Lisa recalls: “Finally meeting Fatima, her mum Lubna and her younger sister Sophia, feeling the warmth of their skin, seeing their smiles as they played on the swings, it was simply incredible.

“Lubna asked me about Tom, what he liked and disliked, and we chatted for hours, with me telling her how much he loved sport and what a positive person he was. I made them promise me that Fatima would keep running and swimming, she’d stay fit and healthy, which is all Tom would’ve wanted.”

Lisa presented Gordon with his bronze medal for table tennis

Around the same time, Gordon - a West Ham fan like Tom and his dad– also replied to Lisa’s letter, saying how Tom’s heart had given him a “second chance.”

Then living in Essex, Lisa says: “I finally got to meet Gordon at the club’s London stadium in 2019, the year after I’d met Fatima, and to press my ear against his chest and hear Tom’s heartbeat - it was amazing.

“I was crying my eyes out, and Gordon just said how astonishing this gift was, how kind and selfless Tom and I were. I just said I hoped it would inspire more people to do the same. It had helped me to heal.

“I told Gordon the same as I had Fatima, that Tom had been very sporty and healthy, and all he would’ve wanted was for him to carry on with that.

“Gordon told me he was going to pick up his table tennis bat again for the first time in decades and enter the British Transplant Games, an annual sporting event for anyone who’s had the gift of life from someone else.”

Now in regular contact with Gordon from Durham and Fatima, Lisa continues: “Gordon says Tom’s his hero, and when he tires on the treadmill, he can hear Tom telling him not to give up, to keep going.”

The fact that Gordon and Fatima both fulfilled her wishes, by becoming sporty, made Lisa’s meeting with them at the 2022 Transplant Games all the more poignant.

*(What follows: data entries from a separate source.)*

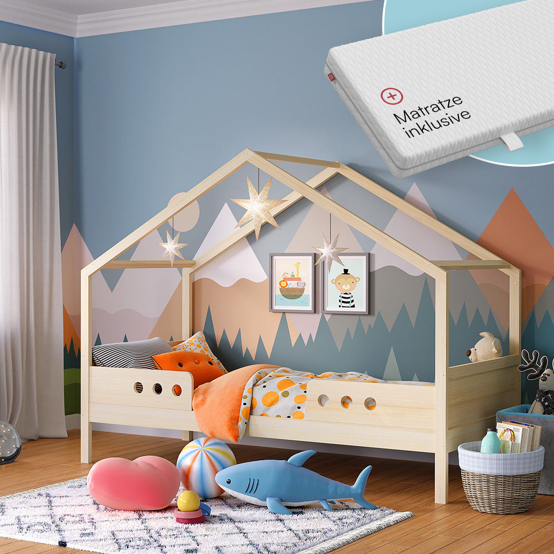 Bela Hausbett inkl. Lattenrost, natur, 90x200 cm, mit Matratze
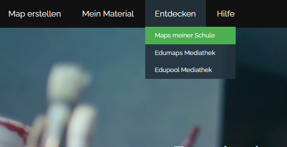 Über das Hauptmenü finden Sie die Edumaps Mediathek und falls freigegeben die Edupool Mediathek.
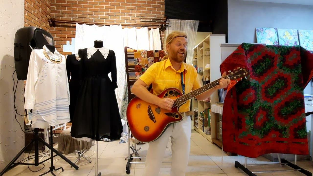 04.06.22г. Концерт Солнечного Барда Михаила Сафронова в "Европа Сити-Молл", Швейное кафе. Песня "Изгиб гитары желтой"".
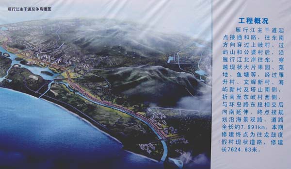 琅岐环岛路东段(三期)接环岛路二期,经围垦区西侧到云龙村南面再折向西南,由鼓尾山北面谷地穿过,折西接雁行江主干道,全长6147米。道路标准宽度70米(含两侧各5米绿化带),双向六车道,总投资8.94亿元。
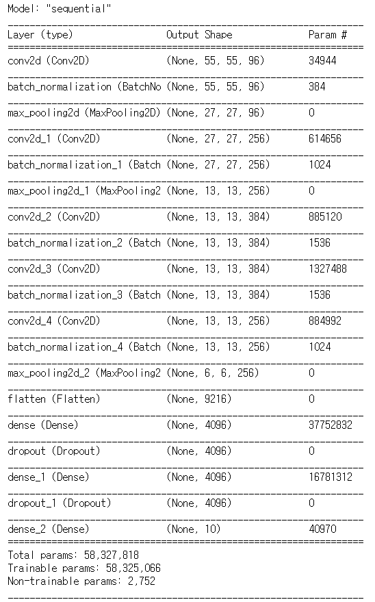 - MaxPooling 시 OverlapPooling을 사용한다! => pool_size=(3,3), strides=(2,2)
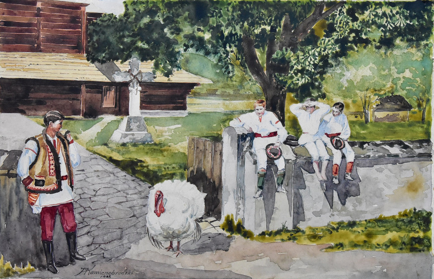 –,„Huculi z indykiem”, akwarela, prawdopodobnie 1924 r.,
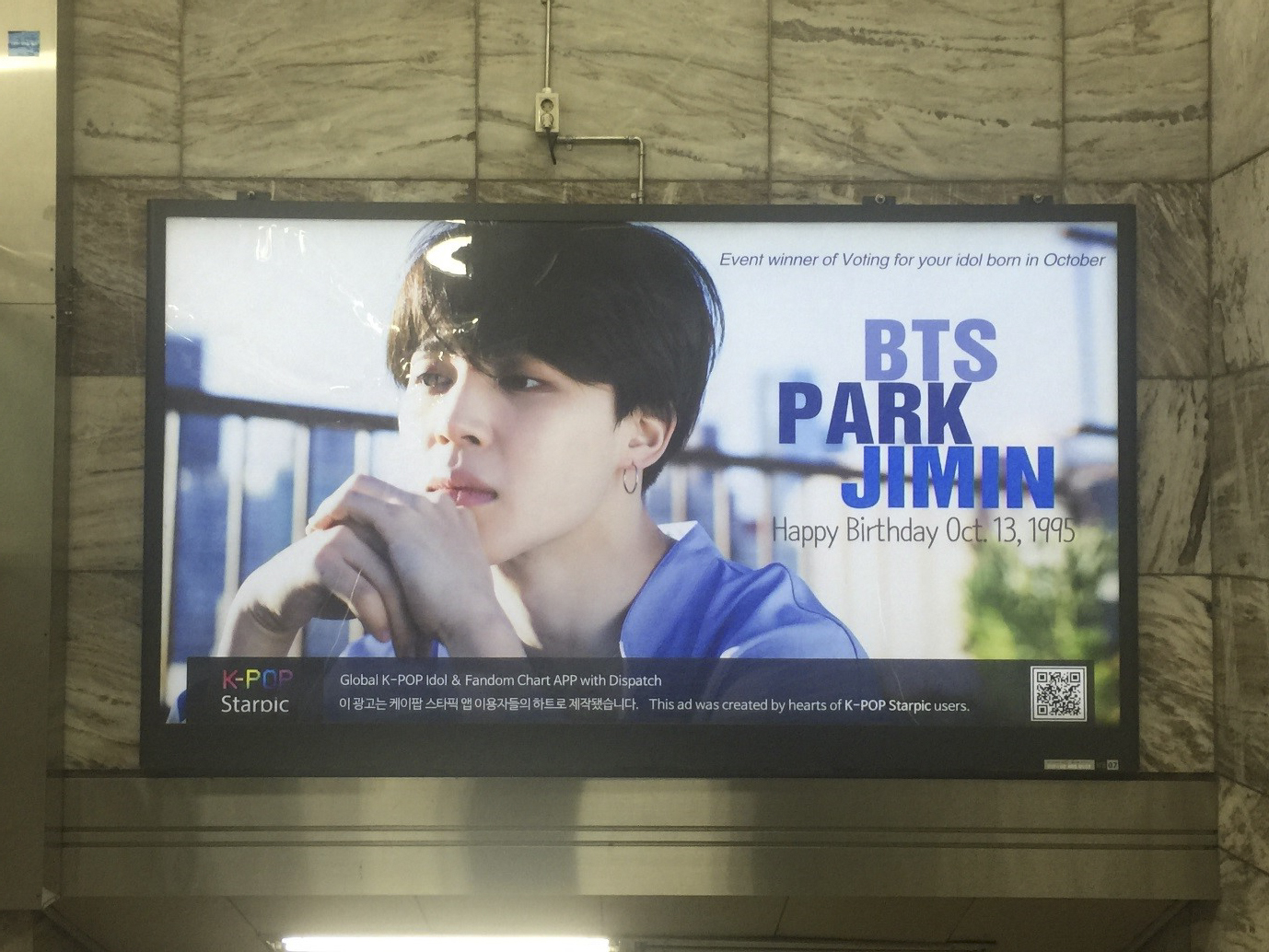 ‘케이팝 스타픽’ 측은 투표 결과에 따라 지민의 생일 축하 전광판을 준비했다. 10월 한 달간 서울 7호선 강남구청역에서 스크린 광고로 만날 수 있다.

“It was so symbolic that we had such a spread of ages there in our little huddle, a perfect metaphor,” says Lisa, who now devotes her time to raising awareness of organ donation.

While many others received organs, bones, skins or tissue from Tom, Lisa doesn’t feel compelled to meet them all.

She says: “I don’t have to hug or even meet them to get a warm glow knowing the world is a better place.

“In organ donation terms, Tom was basically gold dust. Early 20s, extremely fit and healthy, his organs kept healthy because he was on a ventilator.”

But knowing how traumatic her own sudden loss was, she urges anyone wanting to donate their organs to tell their family, even though the law has now changed to one of assumed consent for organ donation.

Gordon was given a second chance after receiving Tom's heart

She says: “It’s still completely vital to tell your nearest and dearest your wishes, because they still have the final say. I’m just so grateful in that dark hour when we were told our son wasn’t coming home that Graham gave me the best advice ever, to donate his organs.”

As for her transplant family, Fatima has just started senior school, and Gordon, a dad-of-two, has now retired from his job as a psychiatric nurse. Later this month he is going on a cruise with his wife Patricia to celebrate their 44th wedding anniversary and his 70th birthday.

“These two amazing humans have grabbed life with both hands since getting their second chances, Tom would be so proud.

“I’ve lost a son and a husband, both way before their time, but what I’ve gained since has been completely invaluable.”

Gordon, who has become a grandfather of four since receiving his new heart, says: “I was very close to dying before my transplant.

“Simply walking, each step reminds me of Tom’s kindness. Being a grandpa is amazing. Without Tom none of this would have happened.”

Fatima says: “Lisa is so kind and lovely, and Tom is my hero, he saved me. I love sport now, just like he did.”